## HOW TO COMPLETE THIS TASK
The line containing "Honey Glazed Pumpkin" marks the end: copy exactly every line from the start of the records below up to and including it, leaving out pictures.

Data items
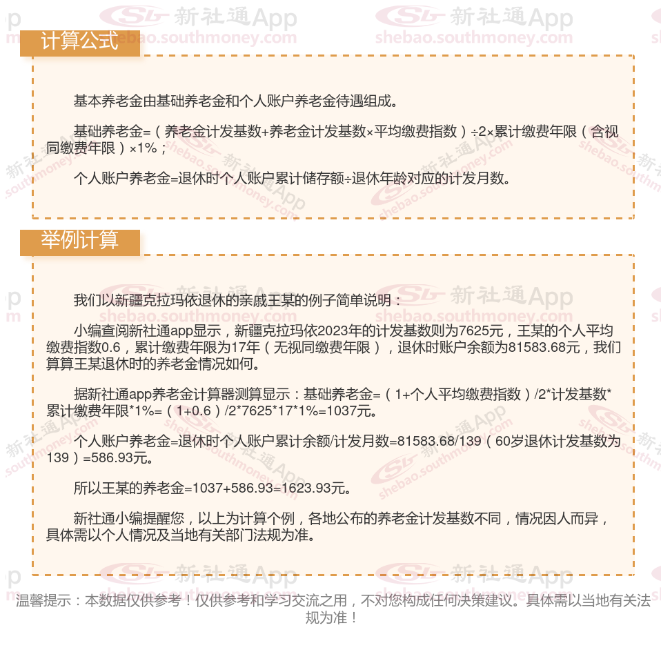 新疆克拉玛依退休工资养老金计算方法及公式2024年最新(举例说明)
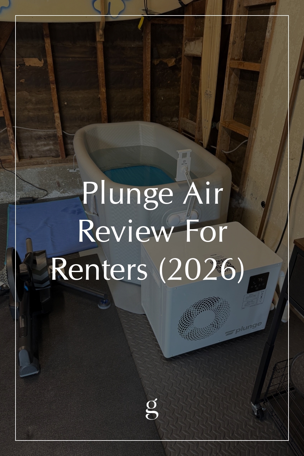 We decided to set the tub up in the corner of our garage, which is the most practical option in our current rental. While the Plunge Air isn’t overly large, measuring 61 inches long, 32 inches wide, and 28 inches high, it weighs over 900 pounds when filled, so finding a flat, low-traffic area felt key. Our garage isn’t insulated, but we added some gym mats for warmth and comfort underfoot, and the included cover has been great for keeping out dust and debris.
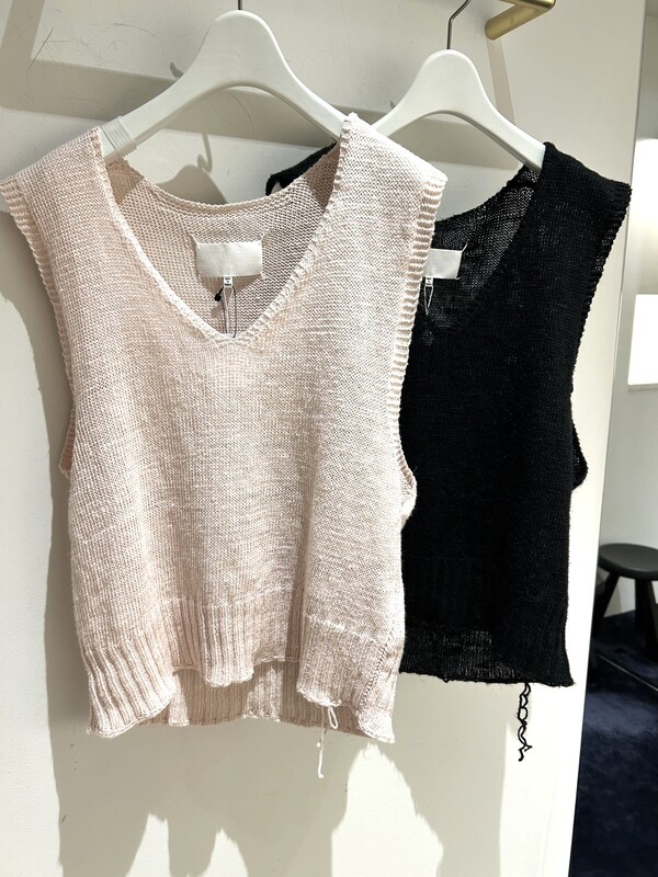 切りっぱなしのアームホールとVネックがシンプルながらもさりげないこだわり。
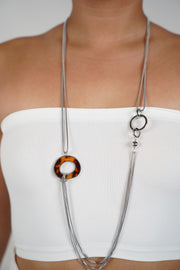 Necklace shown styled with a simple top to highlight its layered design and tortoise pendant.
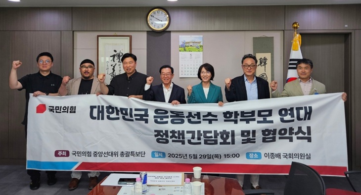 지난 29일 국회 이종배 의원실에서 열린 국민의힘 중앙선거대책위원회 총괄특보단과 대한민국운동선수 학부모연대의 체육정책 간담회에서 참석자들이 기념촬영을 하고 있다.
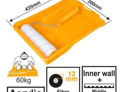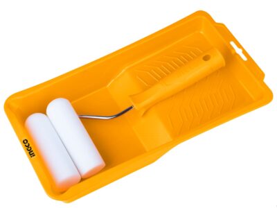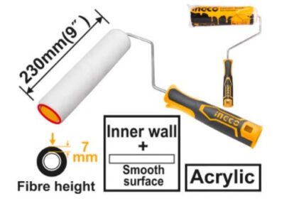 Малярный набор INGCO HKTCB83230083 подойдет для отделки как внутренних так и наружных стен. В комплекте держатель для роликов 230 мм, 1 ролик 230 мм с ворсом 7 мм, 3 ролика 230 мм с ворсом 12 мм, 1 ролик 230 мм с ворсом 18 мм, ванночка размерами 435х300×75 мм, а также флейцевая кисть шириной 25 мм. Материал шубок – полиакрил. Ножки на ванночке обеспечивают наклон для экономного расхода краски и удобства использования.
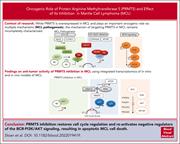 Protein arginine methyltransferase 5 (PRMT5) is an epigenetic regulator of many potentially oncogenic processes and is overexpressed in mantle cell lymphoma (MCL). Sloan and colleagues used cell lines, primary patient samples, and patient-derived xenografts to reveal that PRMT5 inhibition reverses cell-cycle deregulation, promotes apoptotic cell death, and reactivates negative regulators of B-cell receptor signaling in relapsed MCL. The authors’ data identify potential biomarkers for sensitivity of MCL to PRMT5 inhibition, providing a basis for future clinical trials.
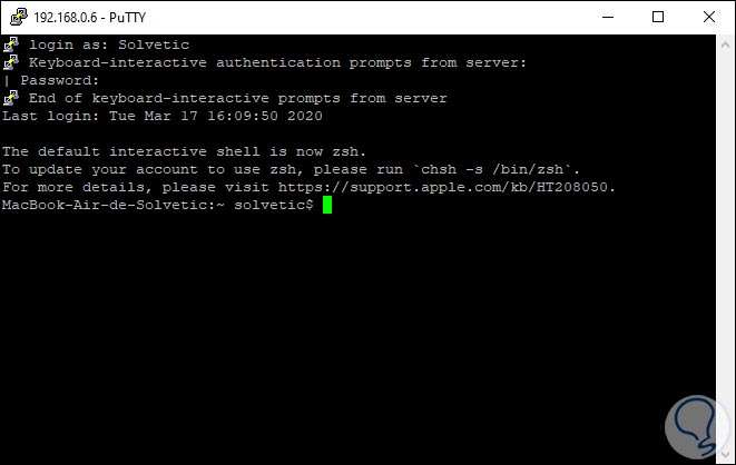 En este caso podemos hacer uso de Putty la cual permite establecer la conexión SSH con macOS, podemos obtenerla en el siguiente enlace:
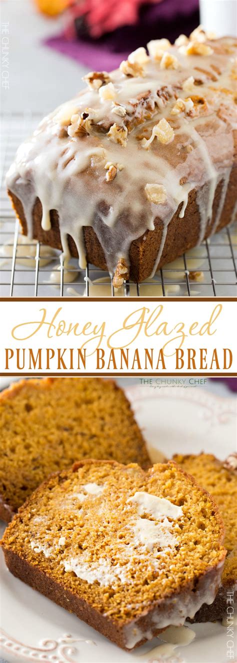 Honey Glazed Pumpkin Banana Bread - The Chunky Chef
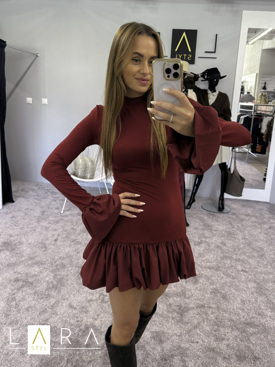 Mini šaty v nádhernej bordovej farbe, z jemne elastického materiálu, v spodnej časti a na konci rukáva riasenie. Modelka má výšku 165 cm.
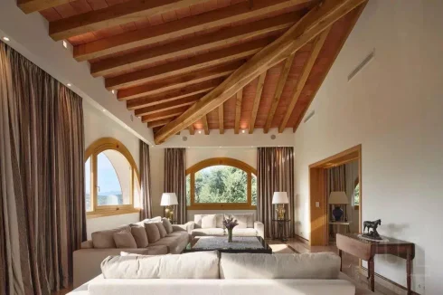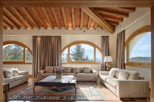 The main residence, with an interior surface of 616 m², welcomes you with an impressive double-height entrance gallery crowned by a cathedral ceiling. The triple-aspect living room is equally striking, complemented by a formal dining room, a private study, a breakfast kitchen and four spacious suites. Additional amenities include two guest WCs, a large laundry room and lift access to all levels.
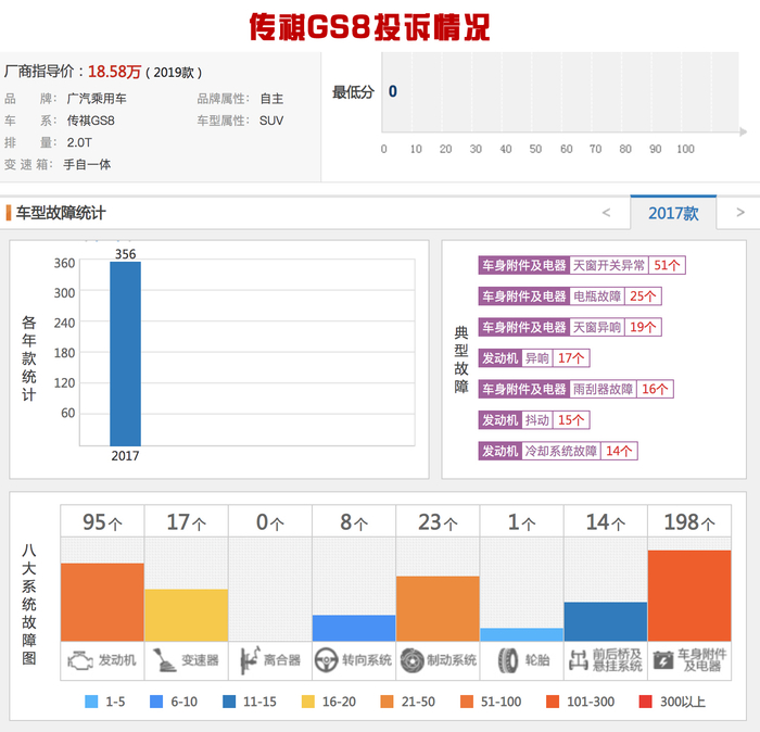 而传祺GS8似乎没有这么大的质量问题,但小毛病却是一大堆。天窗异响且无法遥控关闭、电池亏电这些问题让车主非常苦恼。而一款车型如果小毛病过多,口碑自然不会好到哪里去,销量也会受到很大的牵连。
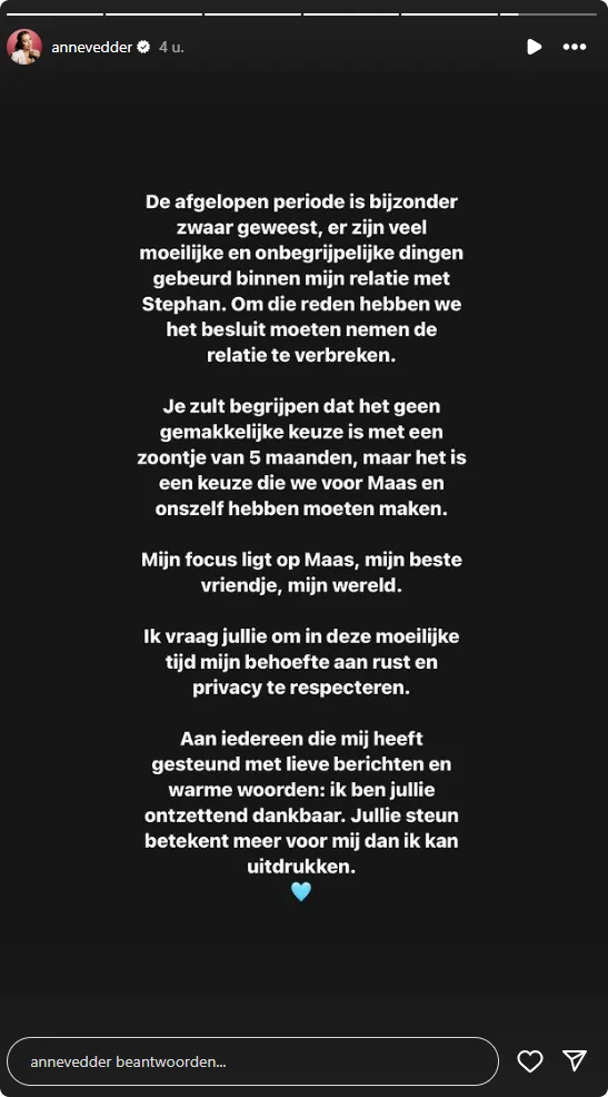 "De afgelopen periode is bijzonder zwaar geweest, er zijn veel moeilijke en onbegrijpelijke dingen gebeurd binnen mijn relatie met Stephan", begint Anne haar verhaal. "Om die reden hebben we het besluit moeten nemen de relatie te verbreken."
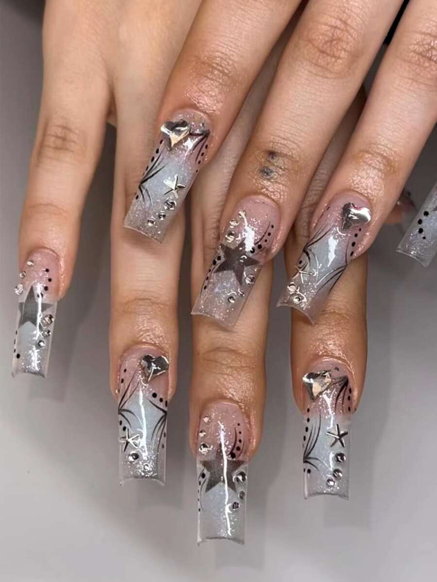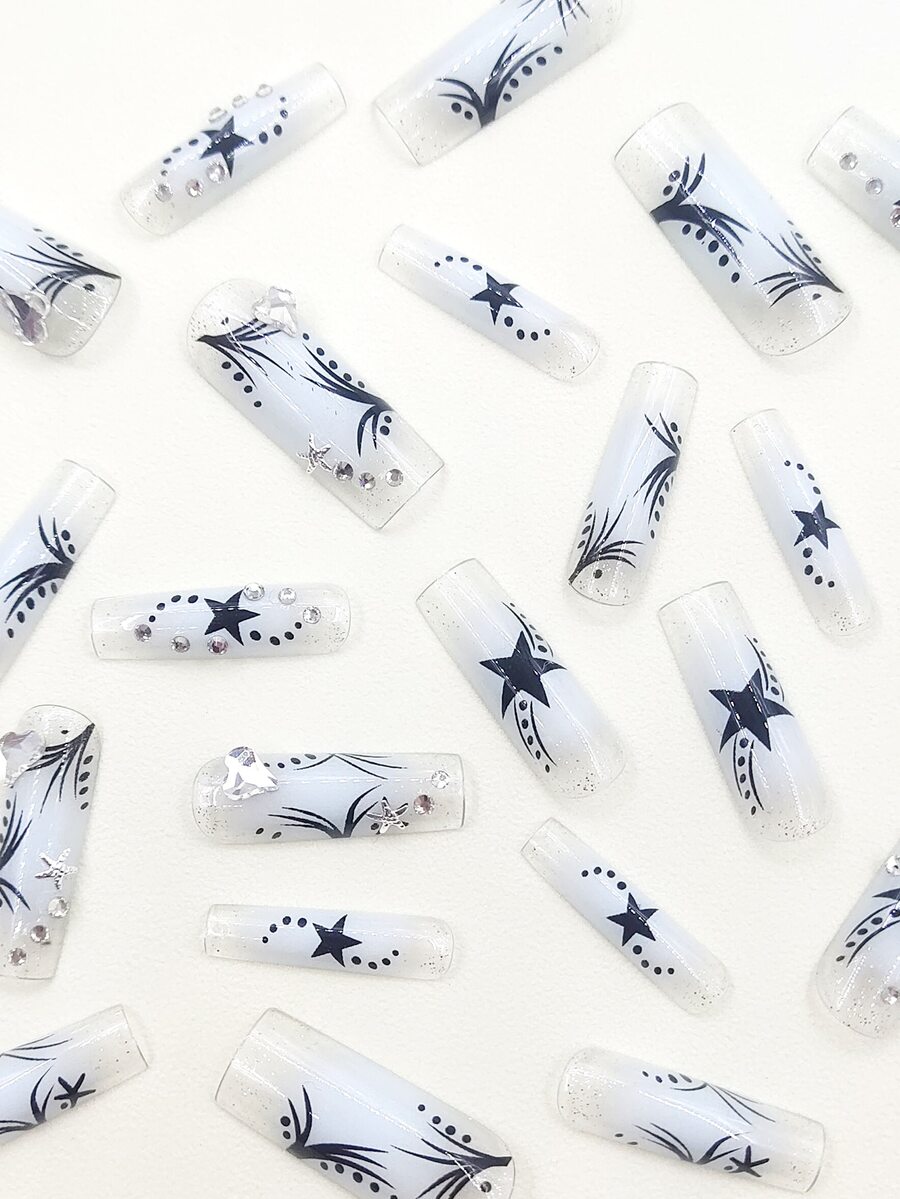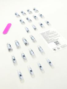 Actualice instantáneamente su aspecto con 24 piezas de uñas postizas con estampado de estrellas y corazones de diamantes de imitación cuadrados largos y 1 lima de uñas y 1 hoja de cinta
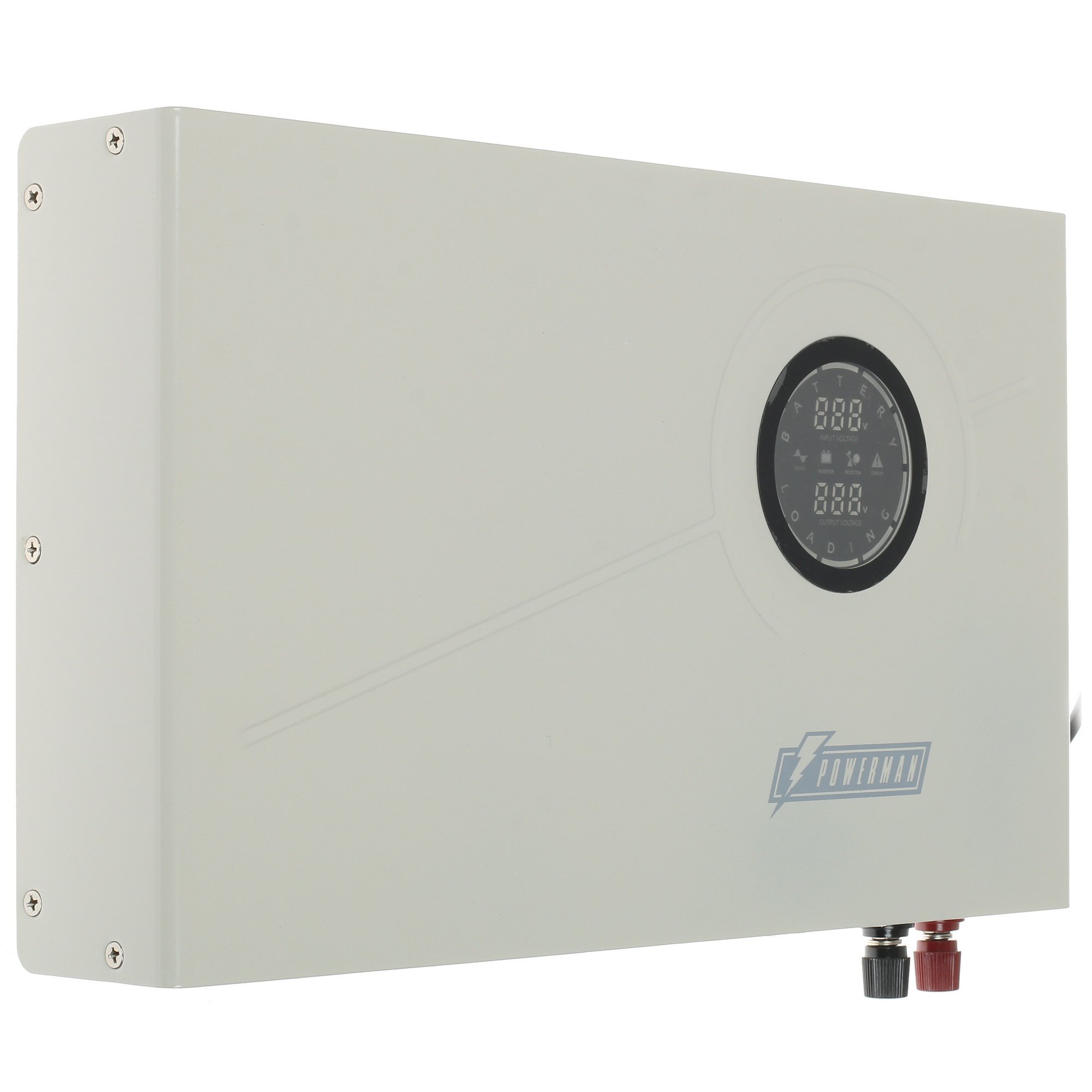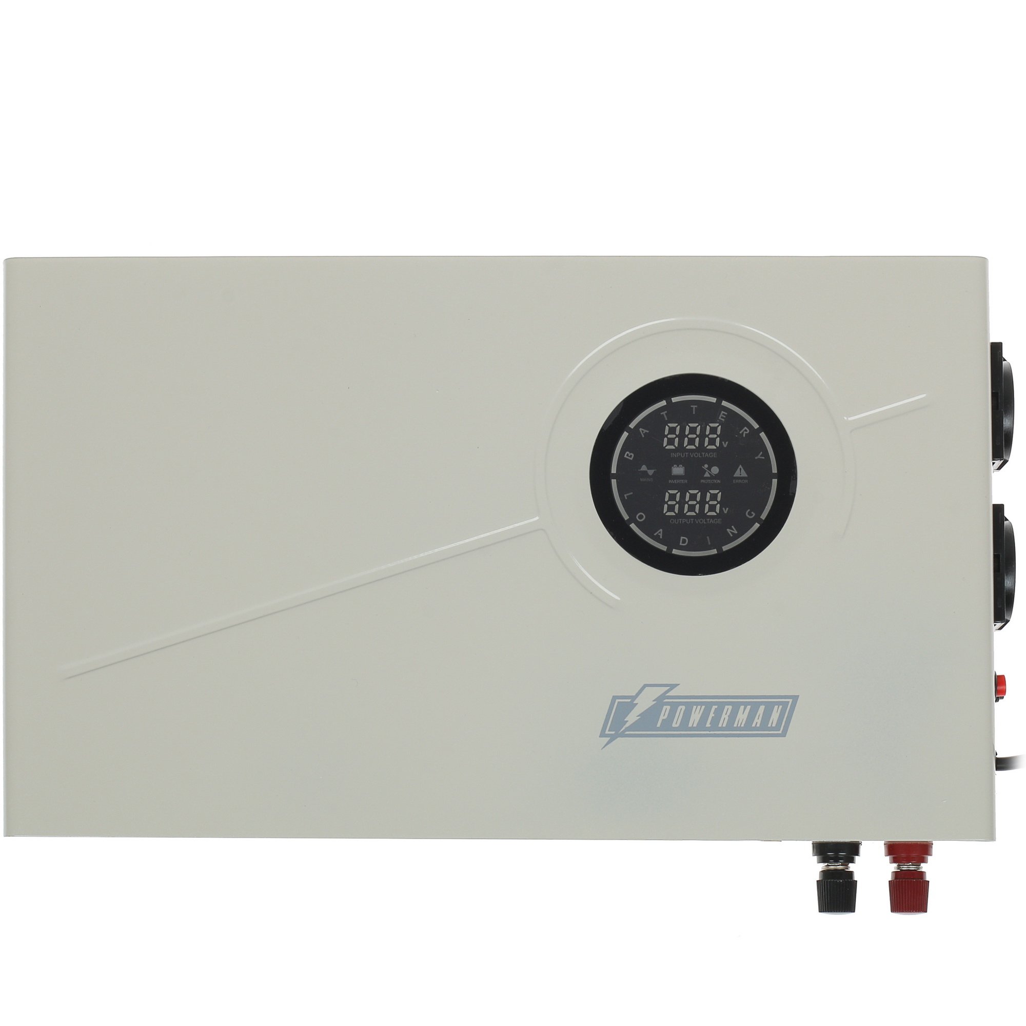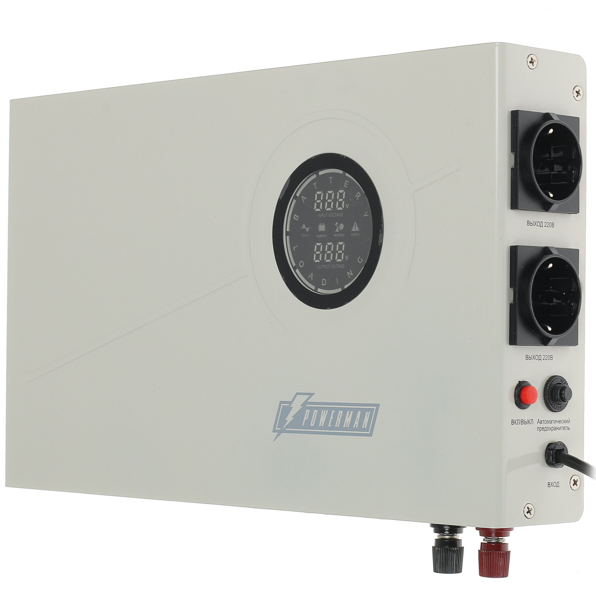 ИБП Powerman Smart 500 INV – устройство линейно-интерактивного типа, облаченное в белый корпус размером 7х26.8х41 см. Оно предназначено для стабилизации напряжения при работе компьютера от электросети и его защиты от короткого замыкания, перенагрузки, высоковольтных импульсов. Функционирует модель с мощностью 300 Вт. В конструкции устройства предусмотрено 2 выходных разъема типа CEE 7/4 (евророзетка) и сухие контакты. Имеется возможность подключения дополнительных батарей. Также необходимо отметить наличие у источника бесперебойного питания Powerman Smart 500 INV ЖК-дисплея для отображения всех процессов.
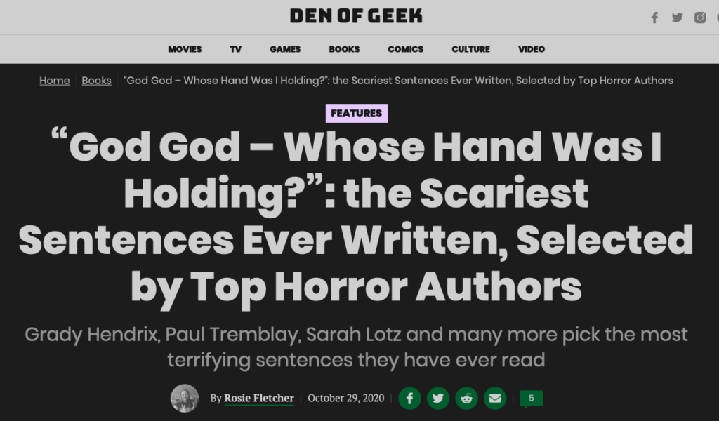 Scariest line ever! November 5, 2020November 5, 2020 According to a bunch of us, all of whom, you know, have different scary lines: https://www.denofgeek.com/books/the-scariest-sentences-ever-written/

## WRITTEN REPLY
 新疆克拉玛依退休工资养老金计算方法及公式2024年最新(举例说明)
 We decided to set the tub up in the corner of our garage, which is the most practical option in our current rental. While the Plunge Air isn’t overly large, measuring 61 inches long, 32 inches wide, and 28 inches high, it weighs over 900 pounds when filled, so finding a flat, low-traffic area felt key. Our garage isn’t insulated, but we added some gym mats for warmth and comfort underfoot, and the included cover has been great for keeping out dust and debris.
 切りっぱなしのアームホールとVネックがシンプルながらもさりげないこだわり。
 Necklace shown styled with a simple top to highlight its layered design and tortoise pendant.
 지난 29일 국회 이종배 의원실에서 열린 국민의힘 중앙선거대책위원회 총괄특보단과 대한민국운동선수 학부모연대의 체육정책 간담회에서 참석자들이 기념촬영을 하고 있다.
 Малярный набор INGCO HKTCB83230083 подойдет для отделки как внутренних так и наружных стен. В комплекте держатель для роликов 230 мм, 1 ролик 230 мм с ворсом 7 мм, 3 ролика 230 мм с ворсом 12 мм, 1 ролик 230 мм с ворсом 18 мм, ванночка размерами 435х300×75 мм, а также флейцевая кисть шириной 25 мм. Материал шубок – полиакрил. Ножки на ванночке обеспечивают наклон для экономного расхода краски и удобства использования.
 Protein arginine methyltransferase 5 (PRMT5) is an epigenetic regulator of many potentially oncogenic processes and is overexpressed in mantle cell lymphoma (MCL). Sloan and colleagues used cell lines, primary patient samples, and patient-derived xenografts to reveal that PRMT5 inhibition reverses cell-cycle deregulation, promotes apoptotic cell death, and reactivates negative regulators of B-cell receptor signaling in relapsed MCL. The authors’ data identify potential biomarkers for sensitivity of MCL to PRMT5 inhibition, providing a basis for future clinical trials.
 En este caso podemos hacer uso de Putty la cual permite establecer la conexión SSH con macOS, podemos obtenerla en el siguiente enlace:
 Honey Glazed Pumpkin Banana Bread - The Chunky Chef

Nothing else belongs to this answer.